AIM OF THE EXERCISE
From the first line to the last, output the data exactly as it stands, minus its pictures.

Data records
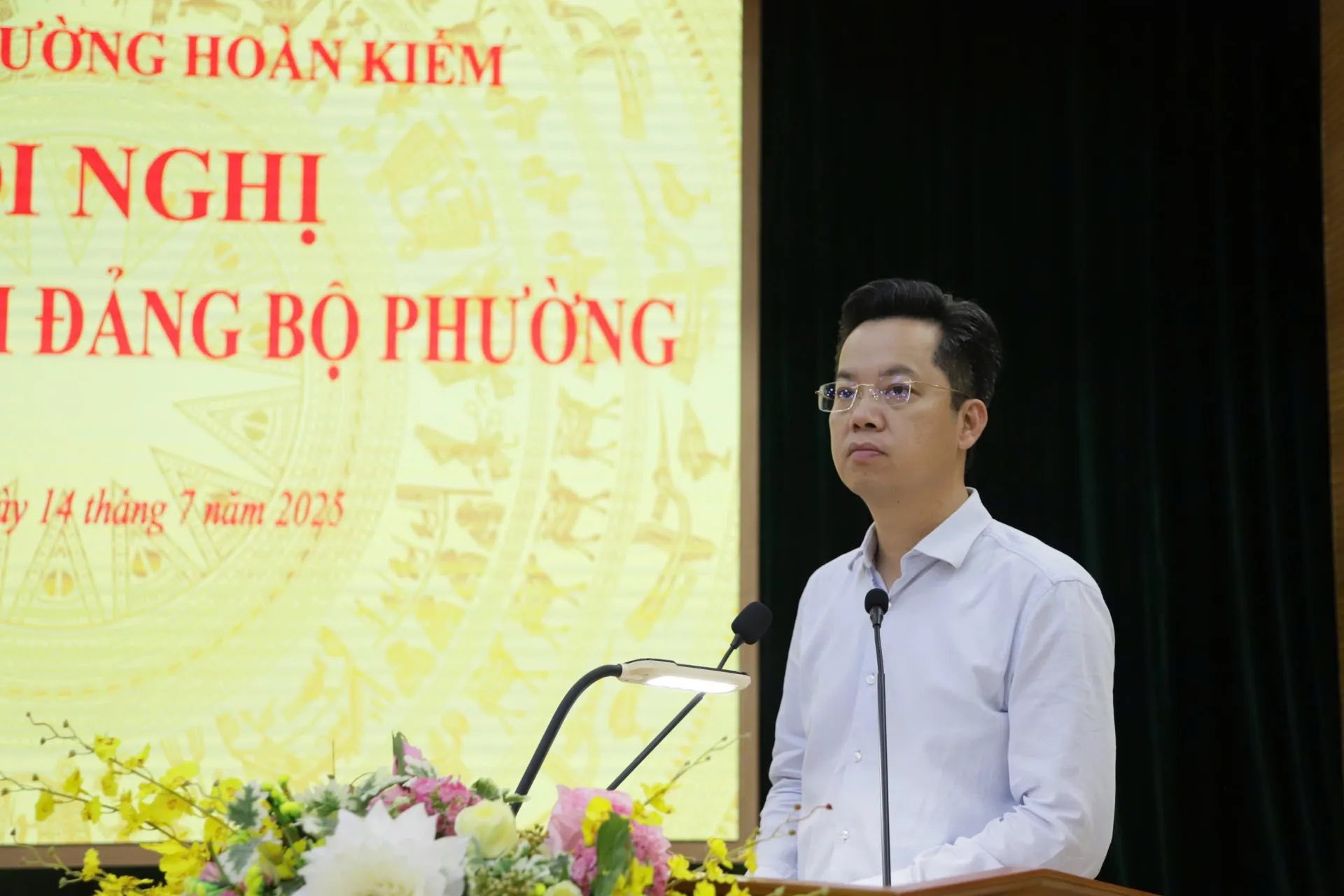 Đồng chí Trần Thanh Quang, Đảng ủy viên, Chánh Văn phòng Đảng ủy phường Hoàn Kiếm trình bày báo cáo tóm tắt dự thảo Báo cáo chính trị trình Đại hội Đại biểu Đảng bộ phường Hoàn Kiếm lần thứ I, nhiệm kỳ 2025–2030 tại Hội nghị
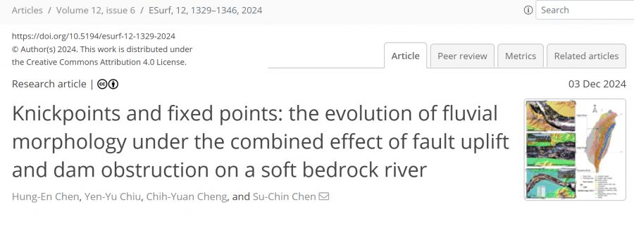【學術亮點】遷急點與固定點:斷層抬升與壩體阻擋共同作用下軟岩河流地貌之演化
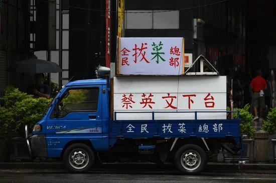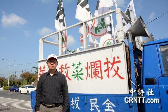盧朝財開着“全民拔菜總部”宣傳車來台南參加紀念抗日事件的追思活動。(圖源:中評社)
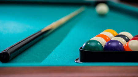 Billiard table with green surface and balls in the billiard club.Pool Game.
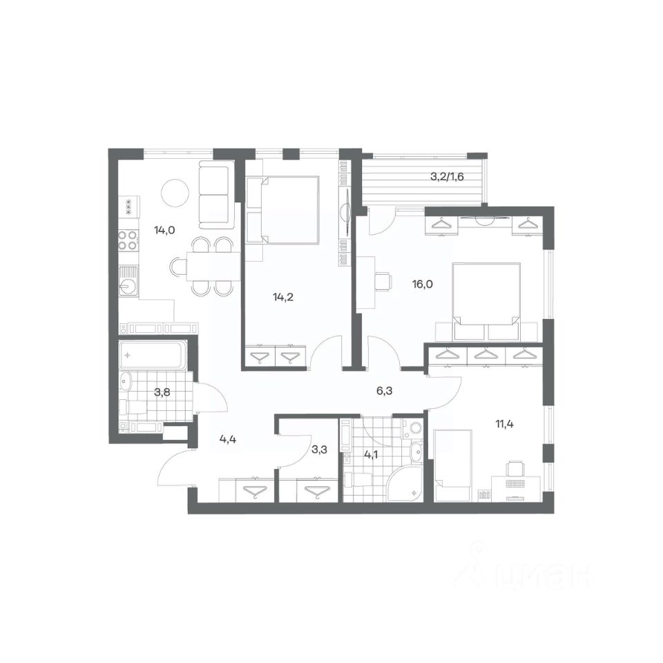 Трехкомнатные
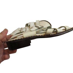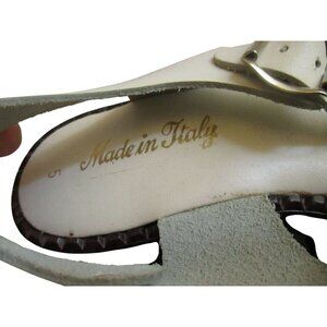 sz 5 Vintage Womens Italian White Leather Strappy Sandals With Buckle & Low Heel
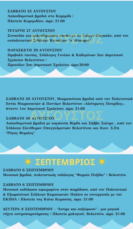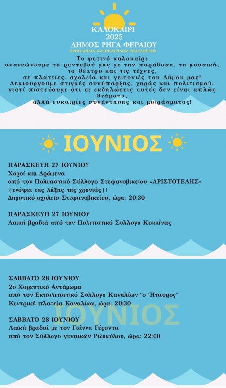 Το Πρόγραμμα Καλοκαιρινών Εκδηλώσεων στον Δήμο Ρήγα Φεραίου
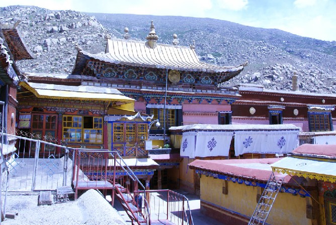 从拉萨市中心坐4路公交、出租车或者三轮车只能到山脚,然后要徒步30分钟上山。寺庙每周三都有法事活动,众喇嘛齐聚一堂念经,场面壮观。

TASK SOLUTION
 Đồng chí Trần Thanh Quang, Đảng ủy viên, Chánh Văn phòng Đảng ủy phường Hoàn Kiếm trình bày báo cáo tóm tắt dự thảo Báo cáo chính trị trình Đại hội Đại biểu Đảng bộ phường Hoàn Kiếm lần thứ I, nhiệm kỳ 2025–2030 tại Hội nghị
【學術亮點】遷急點與固定點:斷層抬升與壩體阻擋共同作用下軟岩河流地貌之演化
盧朝財開着“全民拔菜總部”宣傳車來台南參加紀念抗日事件的追思活動。(圖源:中評社)
 Billiard table with green surface and balls in the billiard club.Pool Game.
 Трехкомнатные
 sz 5 Vintage Womens Italian White Leather Strappy Sandals With Buckle & Low Heel
 Το Πρόγραμμα Καλοκαιρινών Εκδηλώσεων στον Δήμο Ρήγα Φεραίου
 从拉萨市中心坐4路公交、出租车或者三轮车只能到山脚,然后要徒步30分钟上山。寺庙每周三都有法事活动,众喇嘛齐聚一堂念经,场面壮观。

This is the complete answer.